Greg Sargent wrote a good article yesterday, When Will We See Donald Trump”s Big “Pro-Worker” Agenda? He mentioned that Stephen Bannon is still pushing the narrative, “It’s everything related to jobs.” But as Chief of Staff Reince Priebus acknowledged recently, even Trump’s vaunted infrastructure bill will be on hold as they concentrate on killing Obamacare and “reforming” taxes. So much for the American worker.
Let us take a moment to bask in the glow of why so many people voted for Trump. As Sarah Kliff reported in Vox, “The Kentucky voters I spoke with constantly mentioned ‘change’ as a reason they supported Trump.” As Kathy Oller, whose job is signing people up for Obamacare, said, “It was Russian roulette, but I felt that we needed change.” Change. Where is that change, people? The Trump presidency is shaping up to be exactly like that of any other Republican — just more vulgar and ostentatiously hateful.
People Voted for “Change”
People voted for Trump because of his populist and nationalist rhetoric. He was going to bring the jobs back. And he was going to get rid of those dirty Mexicans. But what is he actually doing? He’s killing the best program the federal government has created for the middle class in almost five decades. And he is lowering taxes on the rich. Those things go together. As Kliff has also reported, Obamacare repeal means a $197,000 tax cut for the 0.1 percent.
Now I understand that the base of Trump’s support was from bigots. And they will be getting the change they want: a white man back in the White House. But these were not nearly enough people to allow him to win. People like Oller had a very vague notion of what “change” was. But they showed an amazing amount of naïveté in voting for Trump. In fact, throughout Kliff’s article on Kansas are statements from people that Trump wasn’t serious about doing any of the things that they didn’t want. He was only to be believed when it came to what they did want.
People Just Got a Typical Republican
So okay! They got themselves a good ol’ Republican instead — one who doesn’t give a damn about helping them. But it’s important to remember that inside the twisted mind of a Republican, cutting safety net programs and lavishing the rich with tax cuts and deregulation is helping the working class. It’s the biggest economic con of the last four decades: supply side economics.
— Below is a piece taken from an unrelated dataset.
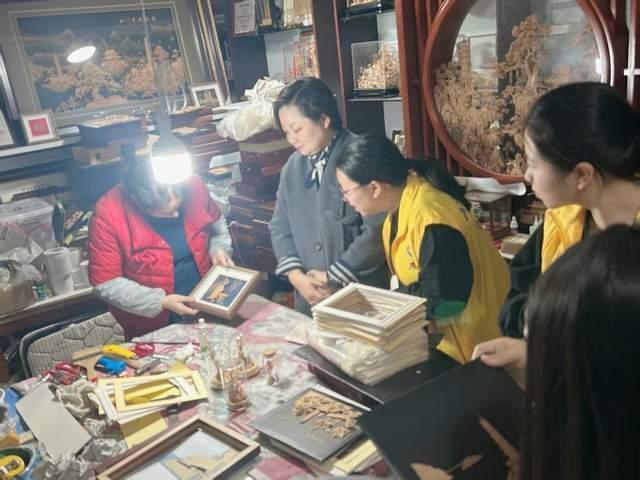 立足金融专业核心优势,实践队从“文化感知”稳步走向“问题探究”,坚持问题导向开展全方位、多层次实地调研,精准把脉不同传承场景下闽都非遗的发展现状与核心诉求。队员们深入访谈吴航喜箩、软木画、茉莉花茶等非遗项目传承人及运营管理者,细致梳理小微非遗工坊在人才培育、原料采购、产品研发、等方面面临的现实困境,以及规模化非遗生产基地在成本管控、市场拓展、品牌打造等方面的发展瓶颈;实地走访福州非遗展示馆、上下杭历史文化街区,亲身体验数字化展陈技术,系统调研非遗商户的运营模式与发展痛点,深入分析文旅融合背景下非遗业态数字化转型、市场化运营的短板与不足;走进西园中心小学,实地察看软木画进校园的推进情况,与小学授课教师深入交流,详细掌握非遗校园传承在课程设计、师资培养、教具采购等方面的实际需求,全方位、多维度摸清闽都非遗传承的痛点难点与发展期盼,为后续精准赋能筑牢基础。

Just to remind everyone, it goes as follows. Give the rich more money and more “freedom” (to pollute, etc) and they will create more jobs and make everyone richer. Now we have decades of evidence that exactly the opposite happens. Giving the rich more money and cutting safety net programs does exactly what common sense tells you it would: it makes the working class poorer and the rich even richer. It’s also showed that it’s bad for the economy overall because economic growth just gets slower as inequality rises.
It turns out that giving money to the poor helps everyone. I wrote about this years ago, I Was a Middle Class Food Stamp Kid. Give food stamps to the poor and they spent them at my parents’ 7-11. My parents then bought a car. And so on: the money works its way through the economy very efficiently. It doesn’t work the other way around because the rich don’t need the extra money. Yes, they can invest it. But in what? The lower classes don’t have the money to buy the stuff that new businesses would make. So you end up with what we’ve seen a lot of recently: the rich just sitting on piles of cash.
What Republicans Mean by a “Pro-Worker” Agenda
So the answer to Greg Sargent’s question “When will we see Donald Trump’s big ‘pro-worker’ agenda?” is that we are already seeing it. It is just that when Republicans say “pro-worker” what they mean is “pro-capitalist.” And shame on the roughly one-quarter of the voters who still think that the Republicans — even one as noxious as Trump — mean anything else.
I understand that Obama offered “change” too. And we didn’t get that. But I have to give the man credit: he tried. I think he was an idiot to think that he could transcend partisanship. But no reasonable person can question that he was fully invested in it and that it was the Republicans who blocked him. (I realize the Alex Jones and Fox News crowd are convinced otherwise, but historians will bear me out.) Trump is making no such effort. From the standpoint of American workers, this is yet another bait-and-switch from the Republicans.
But from the Republicans themselves, they are quite innocent. This is what they always meant by “helping the working the man” with their “pro-worker” agenda. And shame on the voters for thinking that they meant anything else.